The burden of proof is not on those who claim it does not work. The expected utility of the LW teachings should start at zero, or small negative value (for the time spent, instead of spending that time e.g. training for a profession, studying math in more conventional way, etc).
As intuition pump for the computationally limited agents, consider a weather simulator that has to predict weather on specific hardware, having to ‘outrun’ the real weather. If you replace each number in the weather simulator with the probability distribution of the sensor data (with Bayesian updates if you wish), you will obtain a much, much slower weather simulator, which will have to simulate weather on a lower resolution grid, and will perform much worse than original weather simulator, on same hardware. Improving weather prediction within same hardware is a very difficult task with no neat solutions, that will involve a lot of timing of the different approaches.

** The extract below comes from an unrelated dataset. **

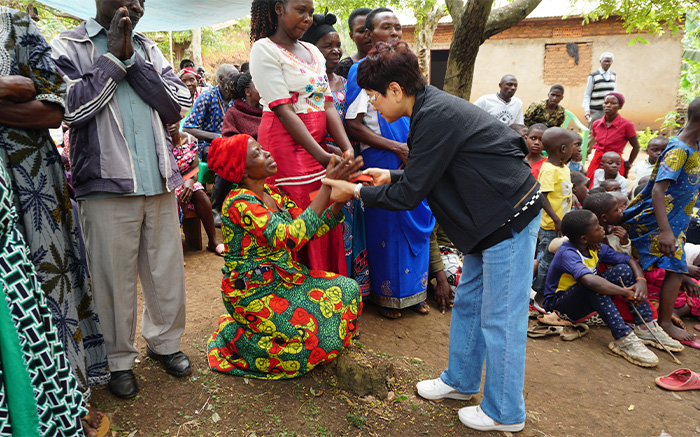 처음 도착한 곳은 우간다. 우간다는 인구 대다수가 기독교인이지만 수십 년간 지속된 내전으로 나라 곳곳에 상처가 만연하고, 경제적인 어려움으로 생활고에 허덕여 자신의 힘으로는 성경을 구할 수 없는 이들이 많습니다. 성경 보급팀은 대규모 차 재배 농장이 있는 포트포털(Fort Portal)과 카세세(Kasese) 지역 농촌 마을에 방문하여 성경을 무료로 보급하였습니다. 성경을 한 권 한 권 나눠주는 순간, 우간다 사람들은 존경과 감사의 의미로 무릎을 꿇으며 성경을 받고 환호했습니다. 이 모습을 본 김영례 권사의 눈시울이 붉어졌습니다.

So, it seems you’ve hit the nail on the head when you say it’s an idealized model. Full rationality (in the sense it’s used here) isn’t something that you can implement as a computationally bounded agent. There’s a whole different question which is how to come up with good approximations to it, though.
It’s analagous to, say, proving the completeness of natural deduction for first-order logic. That tells you that there is a proof for any true statement, but not that you, as a computationally bounded agent, will be able to find it. And coming up with better heuristics for proving things is a big question of its own.
The issue is that LW handwavy preaches it as lifestyle of some kind (instead of studying it rigorously as idealized model). It is also unlike the ideal models in physics. Ideal gas is a very close approximation to air at normal conditions. Computationally unbounded agent on other hand… it’s to bounded agent as ideal gas from classical physics is to cooking omelette.
I doubt even the ‘coming up with good approximations to it’ offers anything (for human self improvement) beyond trivial ‘making agent win the most’. One has to do some minor stuff, such as e.g. studying math, and calculating probabilities correctly in some neat cases like medical diagnosis. Actual winning the most is too much about thinking about the right things.
edit: and about strategies, and about agent-agent interaction where you want to take in reasoning by other agents but don’t want to be exploited, don’t want other agent’s failures to propagate to you, don’t want to fall prey to odd mixture of exploitation and failure where the agent takes own failed reasoning seriously enough to convince you but not seriously enough to allow that failure to damage itself, etc. Overall, a very very complex issue.
The LessWrong community is made up of a lot of people that concern themselves with all kinds of things. I get annoyed when I hear people generalizing too much about LessWrong members, or even worse, when they talk about LessWrong as if it is a thing with beliefs and concerns. Sorry if I’m being too nit-picky.